The cool thing about my CPU’s ISA is that there are lots of languages that target it. If the first thing that you want to do with a CPU is make it emulate one with a very different abstract machine then something has gone wrong somewhere.
How’s the language interop with that CPU’s ISA?
If you buy into the JVM, you get a huge standard library of existing Java that is usable from other languages. Then there are the numerous 3rd party libraries. You get some measure of safe interoperability, too. Whereas on Unix, if you want to call something written in another language, you’re going to have to go through C. That necessarily adds unsafe components to an otherwise memory-safe environment.

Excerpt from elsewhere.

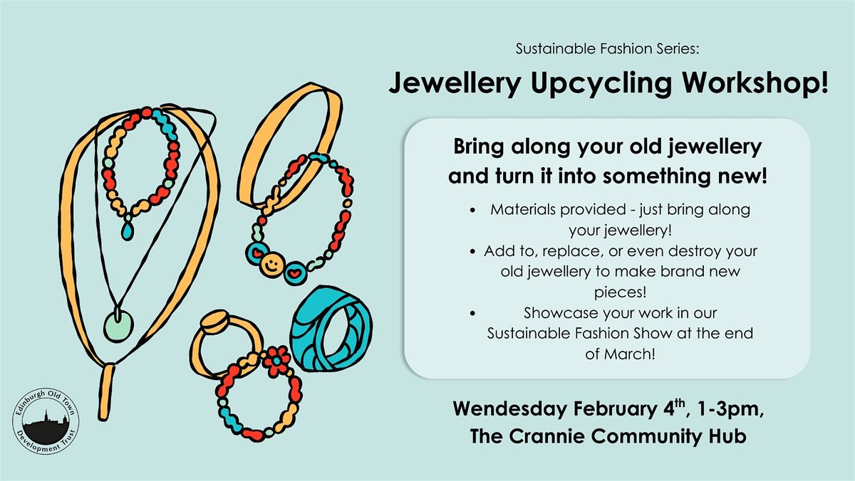 As part of our Sustainable Fashion series, come and upcycle your old unworn jewellery! We will provide all upcycling materials, including bits to help snazz up your pieces or take them apart to make something entirely new!

I’m not trying to sell the JVM, but I do see what makes it attractive as a target.
All of them?
Last time I checked, there were over ten billion lines of C/C++ code available in open source repos, but closer to one billion in all of the JVM languages added together. Objective-C had only around three hundred million lines, but could interoperate trivially with all of the C/C++ code.
Even the preamble to the section on the JNI spec says that it doesn’t even bother trying to validate anything because all bets are off as soon as you call native code, so you get the appearance of safety, not any of the reality. I have implemented a sandboxed version of the JNI, but it requires CHERI hardware and that isn’t exactly mainstream yet.
In 2013 there were a few less options. Eta was cool while it lasted, and I don’t think I’ve heard of any MLs on the platform, like how CLR has F#.
Wait, what happened to Eta?
Kotlin is probably a good enough ML when used in certain strict ways (sealed data classes allow discriminated unions and matching, Arrow can provide useful monads, etc.) that we won’t see something like F#. Honestly, if C# 11 had been C# 2, I don’t know if we’d have F#, either (though I’m very happy we do!).
The Eta compiler hasn’t been touched in years (CLAs don’t usually help either).
I don’t know much about Kotlin, but even if it has ML inspiration, the aesthetics and feel aren’t there (curly blocks, functions need
()
,.
method calls, no first-class pipe/compose operators, sealed class is not the same feel as (G)ADTs). It’d be a hard sell to a lot of folks that it’s good enough.